Святая Церковь празднует память апостола и евангелиста Иоанна Богослова три раза в году, и память о нем всегда неизменно согревает души наши.
Долго, очень долго он один был властителем нашего внимания и любви в этот день, 26 сентября. Но вот три года назад Промысел Божий властно поставляет рядом с апостолом любви еще одного своего избранника – Первосвятителя, Патриарха Московского и всея России Тихона.
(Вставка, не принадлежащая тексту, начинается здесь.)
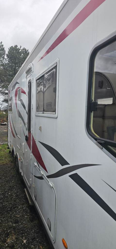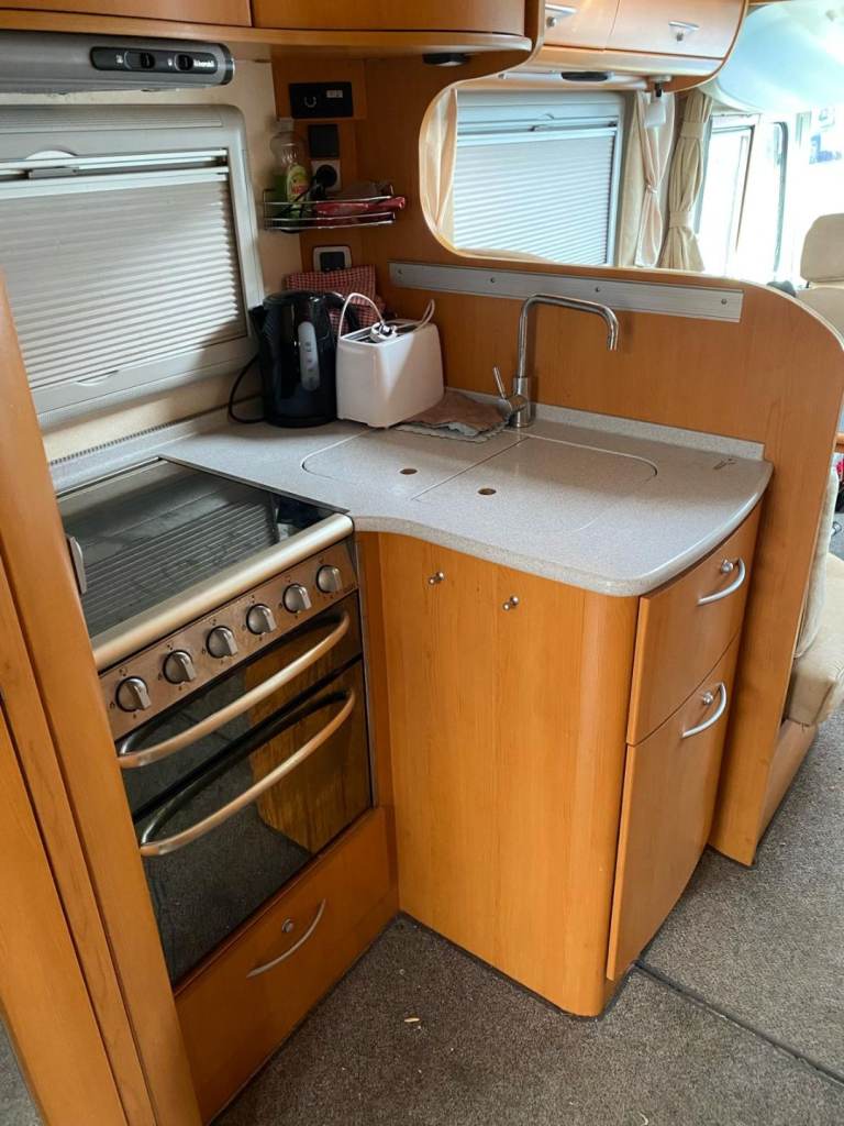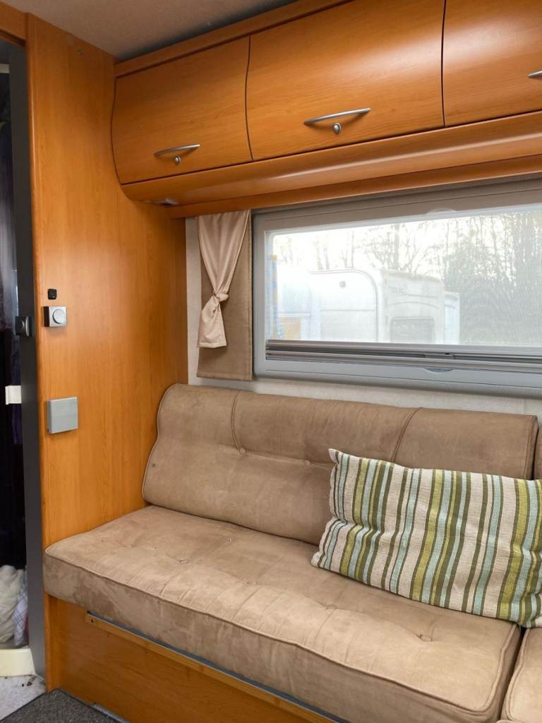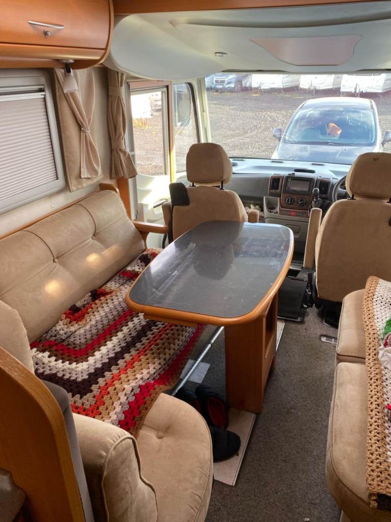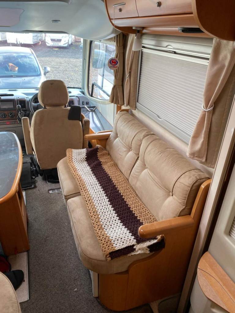 8.4 mtrs long; four belted seats; double bed above driver / passenger seats.

Прославление Первосвятителя, состоявшееся именно в этот день, и память о нем, ожившая обретением нетленных его мощей, вливаются в мощный поток церковной памяти, хранящей волей Божией предания о каждом человеке, жившем Богом, жившем Церковью, и особо поставляющей на свещнице праздников церковных имена тех, кто во всей полноте исполнили жизнью своей волю Божию и учение Божие.
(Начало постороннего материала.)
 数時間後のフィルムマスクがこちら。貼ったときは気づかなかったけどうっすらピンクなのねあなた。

Итак, две свечи горят ныне в Церкви нетленным Фаворским светом, освещая и нам своей жизнью путь к небу.
Святой апостол и евангелист Иоанн Богослов – первое звено в неразрывной цепи благодатного преемства от Самого Господа Иисуса Христа в I веке христианства, и звено последнее – святитель-мученик Тихон, на двадцать столетий удаленный от дней пребывания Христа Спасителя на земле.
И не возникнет ли у нас вопрос, почему так соединил Господь двух избранников Своих здесь, на земле? Не единым ли сердцем, не единым ли умом жили они, хотя в разное время и в разных условиях, не единое ли дело исполнили, живя на земле, чтобы соединиться и в вечности и на земле в памяти людей. Посмотрим пристальнее на жизнь их и почерпнем из источника приснотекущего живую воду, дающую бессмертие душе.